╭─ Data excerpt
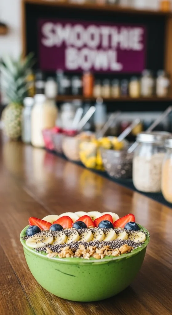 Budget tip: use spotty bananas that you freeze yourself. They make the bowl thick without pricey add-ins. If kiwi costs more, stick with grapes and apples.
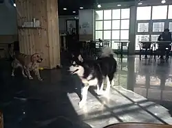 A dog café is a type of business establishment where typically customers pay to spend time with domesticated canines for purposes of entertainment and relaxation.[1][2] Such cafés may also provide other services such as food and beverages.[2] It is a type of animal café.
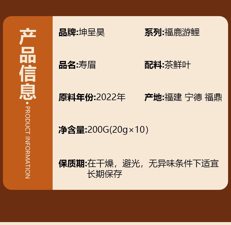 坤呈昊寿眉 紧压白茶 茶叶白茶礼盒 龙蟠寿眉 2022寿眉319g*1饼【4年陈化】
╰─
- [Directions] Would you please set down the data above again exactly, without its pictures?

- [Output for this task]
 Budget tip: use spotty bananas that you freeze yourself. They make the bowl thick without pricey add-ins. If kiwi costs more, stick with grapes and apples.
 A dog café is a type of business establishment where typically customers pay to spend time with domesticated canines for purposes of entertainment and relaxation.[1][2] Such cafés may also provide other services such as food and beverages.[2] It is a type of animal café.
 坤呈昊寿眉 紧压白茶 茶叶白茶礼盒 龙蟠寿眉 2022寿眉319g*1饼【4年陈化】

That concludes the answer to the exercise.